ImageFile.LOAD_TRUNCATED_IMAGES = True
warnings.filterwarnings("ignore", category=UserWarning)

# ────────────────────────── 1. 인자 & 고정값
parser = argparse.ArgumentParser()
parser.add_argument("--sigma", type=float, default=0.1,
                    help="Gaussian noise std (default 0.1)")
args, _ = parser.parse_known_args()          # Jupyter -f 옵션 무시
SIGMA = args.sigma                           
TAG   = f"noise{SIGMA:.2f}".replace('.', '') 

SEED = 42
CSV  = r"C:\Users\ast\Documents\project\train.csv"
IMG  = r"C:\Users\ast\Documents\project\train_images"
SPLIT = "split42_70-30.json"

BATCH  = 16
EPOCHS = 10
LR     = 1e-4
WD     = 3e-4
SMOOTH = 0.05

OUT_MET  = f"result_exp3_{TAG}.json"
OUT_PRED = f"pred_exp3_{TAG}.csv"

# --- 증강본 저장 옵션 ---
SAVE_AUG            = True
SAVE_DIR            = f"./aug_vis_{TAG}"
SAVE_FIRST_BATCHES  = 2     # (a) 처음 k 배치
SAVE_PER_CLASS      = 2     # (b) 클래스별 최대 c 장
SAVE_TOTAL_LIMIT    = 120   # (c) 전체 n 장
os.makedirs(SAVE_DIR, exist_ok=True)

# ────────────────────────── 2. 시드 고정
def seed_all(s: int):
    random.seed(s); np.random.seed(s); os.environ["PYTHONHASHSEED"] = str(s)
    torch.manual_seed(s); torch.cuda.manual_seed_all(s)
    torch.backends.cudnn.deterministic = True
    torch.backends.cudnn.benchmark = False
seed_all(SEED)

# ────────────────────────── 3. Dataset 및 변환
class AddGaussianNoise:
    def __init__(self, std: float):
        self.std = std
    def __call__(self, t: torch.Tensor):
        return t + torch.randn_like(t) * self.std
    def __repr__(self):
        return f"AddGaussianNoise(std={self.std})"
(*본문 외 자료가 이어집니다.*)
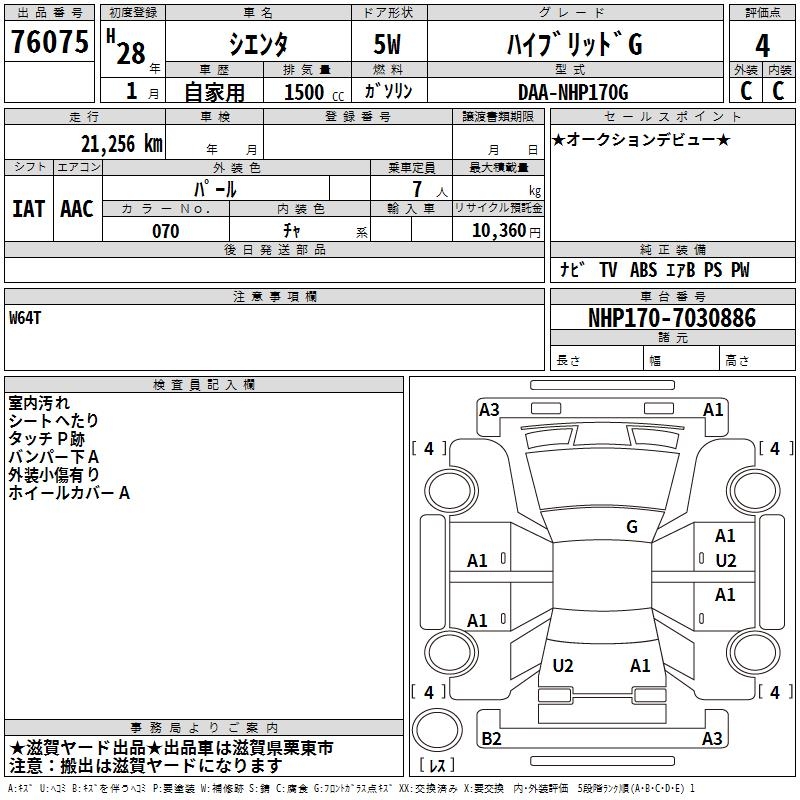 TOYOTA SIENTA HYBRID G - лот 76075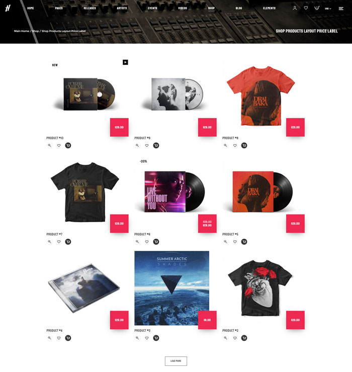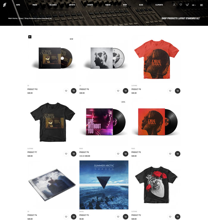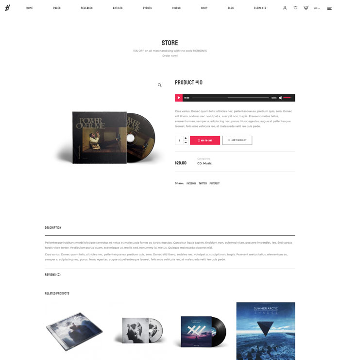 Herion can be used for your record label website. You can create an unlimited number of pages for each artist and choose between simple default layouts, automatically generated from the release, videos and events artist category, or create a custom page. It’s all up-to-you!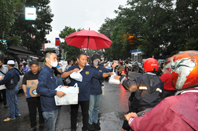 Dalam kondisi cuaca masih gerimis, semangat Pengurus dan Anggota PWI Kota Bandung serta IKWI Kota Bandung tampak begitu besar dan antusias mendistribusikan takjil bahkan hingga memasuki waktu adzan magrib berkumandang.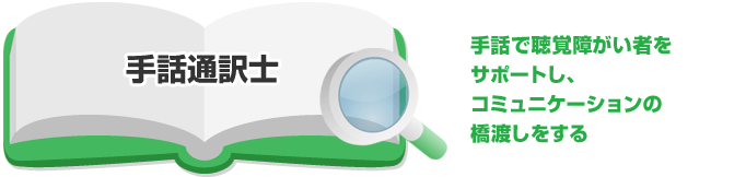 耳の不自由な人は話すことがうまくできませんから、音に代わる手話は、大切なコミュニケーション手段です。手話通訳士とは、耳の不自由な人と一般社会を結ぶパイプ役となる仕事です。手話通訳士の仕事は、単にその内容だけを伝えればそれでいいという仕事ではありません。手話とは、手の指、うでなどの型、位置、動きなどで意味を表す言語ですから、地域や年代による表現のちがい、現場による使い分け、言葉のしくみ、耳の不自由な人そのものへの理解と、それを支える福祉(ふくし)関係の知識など、手話通訳士には高い技術とはば広い豊かな知識が必要とされるのです。
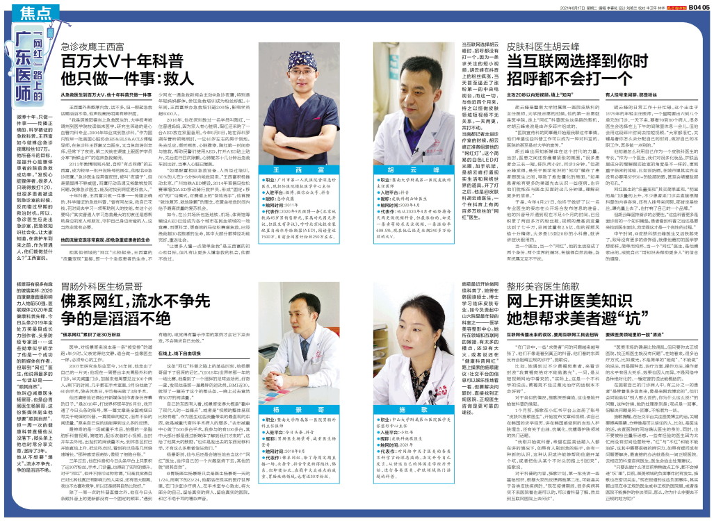 王西富 职业:广州市第一人民医院资深急诊医生,现担任医院模拟医学中心主任 入驻平台:微博、微信公众号、抖音 昵称:急诊夜鹰 触网时间:2011年 代表作:2020年9月微博一条《北京地铁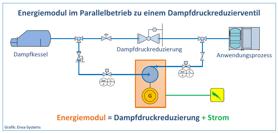 Ein Rechenbeispiel für einen typischen Anwendungsfall, wie er in der Papierindustrie, der Lebensmittelindustrie, der Chemischen und Pharmazeutischen Industrie sowie bei der Energieerzeugung und in der Petrochemie häufig vorkommt, verdeutlicht das große Potenzial dieses Verfahrens: Bei einem Eingangsdruck von 3,8 bar (abs.) und einem Ausgangsdruck von 1,4 bar (abs.) erzeugt das Energiemodul – bei einem angenommenem Dampfstrom von 6.000 kg pro Stunde – eine elektrische Leistung von 110 Kilowatt.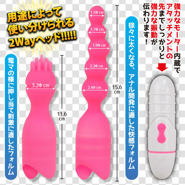 ●連なる5つの凸凹ボール×刺激的なブラシ突起●2つのシリコンヘッド(付属)●エイナスヘッドは全長(本体装着時):21.2cm/最大径:2.4cm●ブラシヘッドは全長(本体装着時):17.1cm/最大径:3.2cm●強力モーター内蔵●アタッチメントの先端までしっかり伝わる12種類の振動パターン●振動は弱→強へと変化●生活防水仕様●単四電池×2本使用(底部に電池BOX)。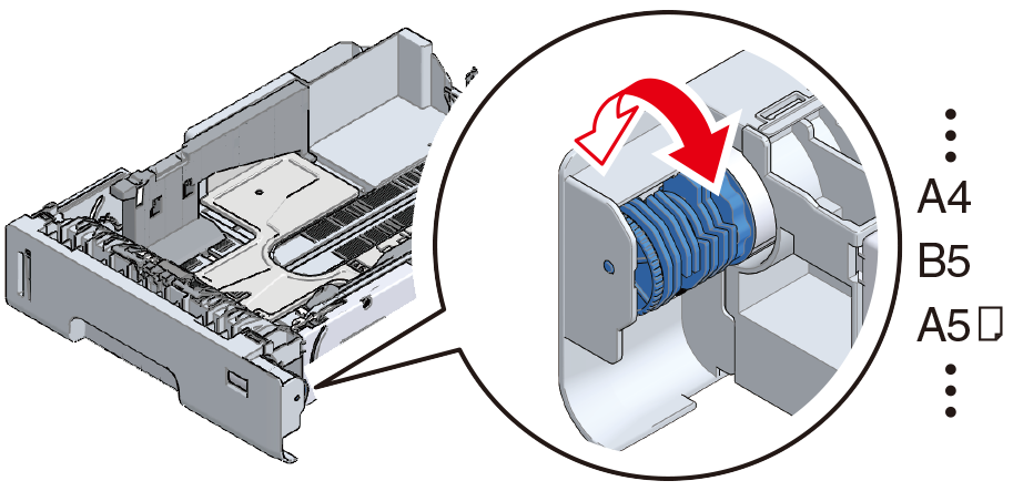 - Configure o botão do tamanho de papel de acordo com o tamanho do papel.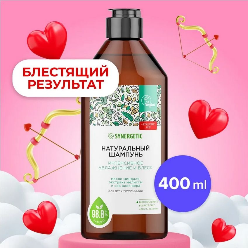 Бессульфатный шампунь "Интенсивное увлажнение и блеск" – эффективное средство для очищения кожи головы и всех типов волос – более чем на 98% состоит из натуральных компонентов.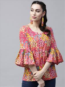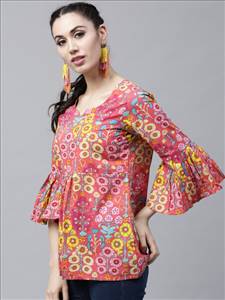 Pink printed tunic, has a round neck, three-quarter sleeves, gathers detail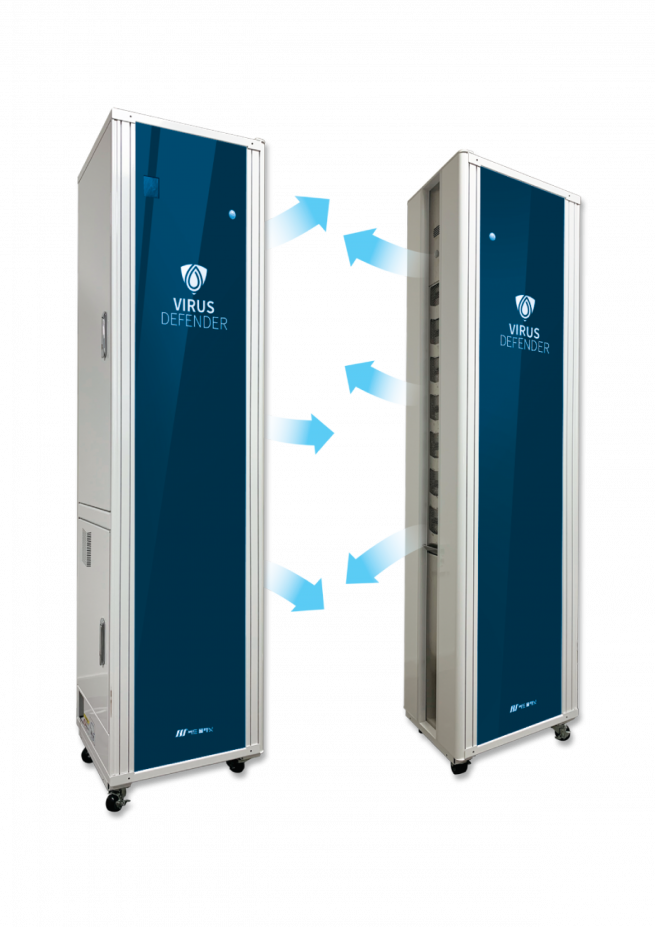 반면 바이러스디펜더는 전방위로 가동되는 네 개의 휠이 장착되어 어디로든 편하게 이동이 간단하다. 또한 특별한 설비가 필요 없어 원하는 장소에 이동 후 전원만 연결하면 즉시 사용할 수 있다는 장점이 있다.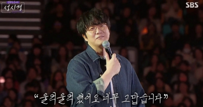 오랜 기간 함께 일해왔던 매니저로부터 금전 피해를 입은 것으로 알려진 가수 성시경이 콘서트에서 눈물을 보였다. /사진=SBS '설 특집 콘서트 성시경' |
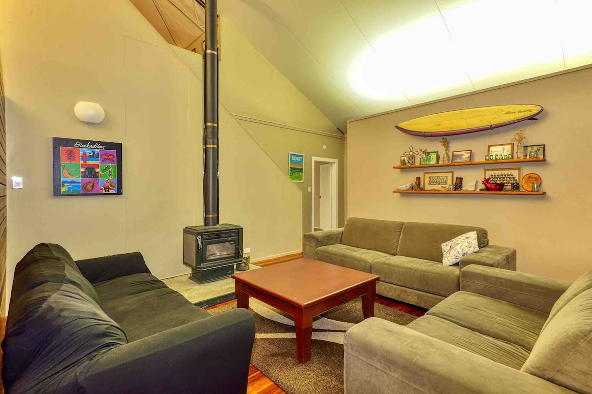 Lớp học kiwi bach nằm ngay bên kia đường từ một trong những điểm lướt sóng tốt nhất của bờ biển phía đông. Một nơi tuyệt vời để thư giãn trên boong hoặc ghế sofa và ngắm nhìn những người lướt sóng hoặc tự mình ra ngoài đó. Bach có hàng rào đầy đủ này có 4 phòng ngủ và 2 phòng tắm và lý tưởng cho các gia đình. Bên kia đường, bãi biển cát vàng 8km có một khu vực đá với một dòng suối chảy qua nó, tuyệt vời để săn cua, thu gom vỏ sò và xây dựng đập.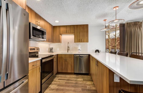 The condo comes with everything you need for icy cocktails or great homemade meals. Enjoy the fruits of your labor with the warmth of the wood fireplace while taking in the beautiful view.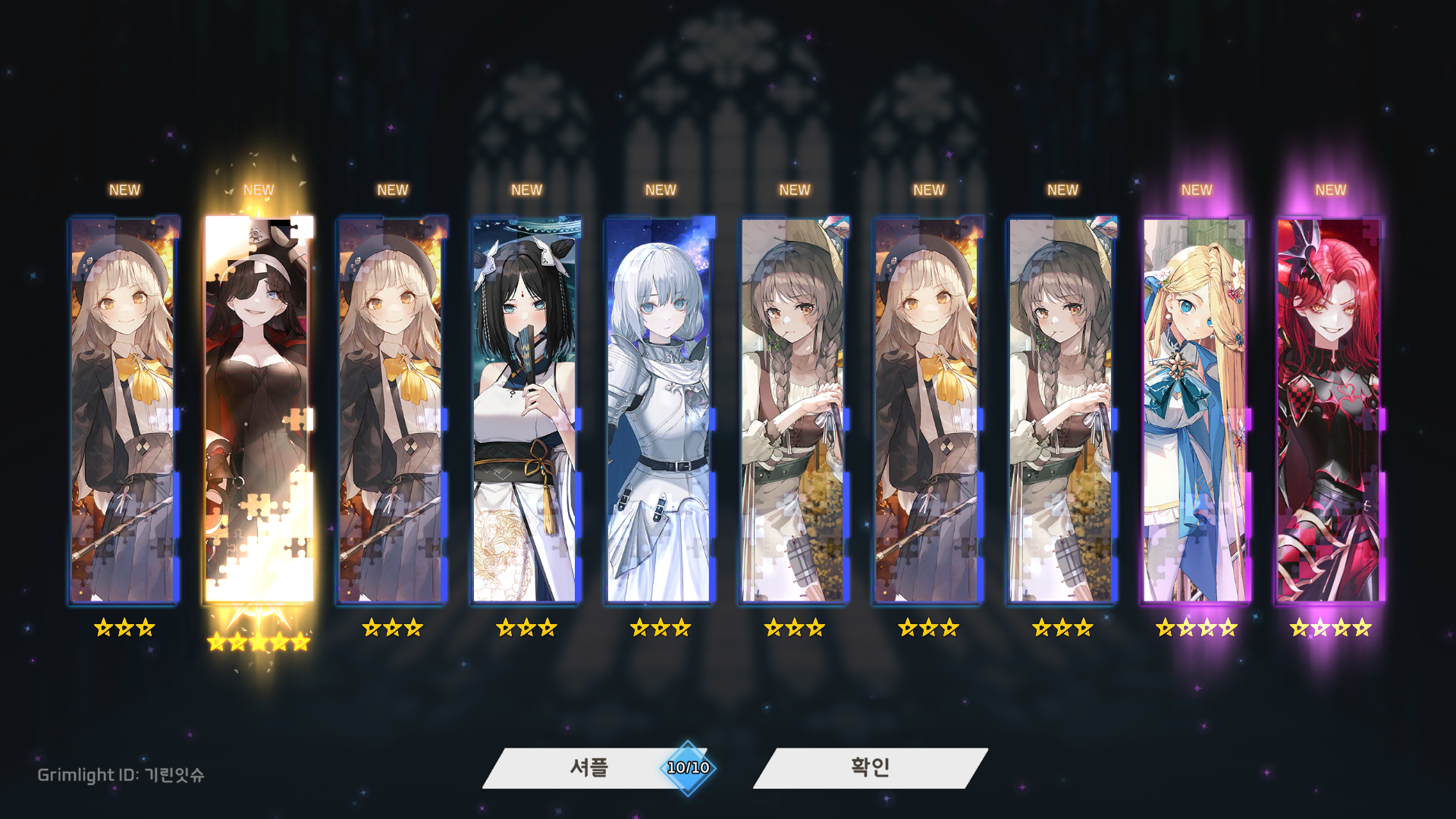 현재 뽑힌 캐릭터가 마음에 들지 않는다면 좌측에 있는 셔플 버튼을 통해서 소환된 캐릭터를 변경할 수 있습니다. 그리고 튜토리얼이라고 해서 5성 캐릭터 1개만 나오는 것이 아니라 2개 이상도 나오는 걸 확인할 수 있었습니다. 다만 셔플 횟수가 10회로 제한되어있으니 적당히 괜찮은 캐릭터가 나왔다 싶으시면 욕심부리지 않고 그대로 시작하는 걸 추천드립니다.

train_tf = transforms.Compose([
    transforms.RandomHorizontalFlip(0.5),
    transforms.RandomVerticalFlip(0.5),
    transforms.ColorJitter(brightness=0.2, contrast=0.2),
    transforms.Resize((224, 224)),
    transforms.ToTensor(),
    AddGaussianNoise(SIGMA),
    transforms.Normalize([0.5] * 3, [0.5] * 3),
])
test_tf = transforms.Compose([
    transforms.Resize((224, 224)),
    transforms.ToTensor(),
    transforms.Normalize([0.5] * 3, [0.5] * 3),
])

class ScrapDataset(Dataset):
    def __init__(self, df: pd.DataFrame, tf, le, save_aug=False):
        self.df = df.reset_index(drop=True).copy()
        self.dir = IMG
        self.tf = tf
        self.cls = le.transform(self.df["weight_class"])
        self.save_aug = save_aug
        self.saved_total = 0
        self.class_cnt = {i: 0 for i in range(len(le.classes_))}

    def __len__(self):
        return len(self.df)

    def __getitem__(self, idx):
        row = self.df.iloc[idx]
        img_pil = Image.open(os.path.join(self.dir, row.filename)).convert("RGB")
        tensor = self.tf(img_pil)

        # ---- 증강본 저장 ----
        if (self.save_aug
            and self.saved_total < SAVE_TOTAL_LIMIT
            and self.saved_total < SAVE_FIRST_BATCHES * BATCH
            and self.class_cnt[self.cls[idx]] < SAVE_PER_CLASS):
            fname = f"{self.saved_total:04d}_{row.filename}"
            save_path = os.path.join(SAVE_DIR, fname)
            save_image((tensor * 0.5 + 0.5).clamp(0, 1), save_path)
            self.saved_total += 1
            self.class_cnt[self.cls[idx]] += 1
        # ---------------------

        return tensor, torch.tensor(self.cls[idx]), row.filename

# ────────────────────────── 4. 데이터 분할 로드
df = pd.read_csv(CSV)
if os.path.exists(SPLIT):
    idx = json.load(open(SPLIT))
    train_idx, test_idx = idx["train"], idx["test"]
else:
    train_idx, test_idx = train_test_split(
        range(len(df)), train_size=70, test_size=30,
        stratify=df["weight_class"], random_state=SEED)
    json.dump({"train": train_idx, "test": test_idx}, open(SPLIT, "w"))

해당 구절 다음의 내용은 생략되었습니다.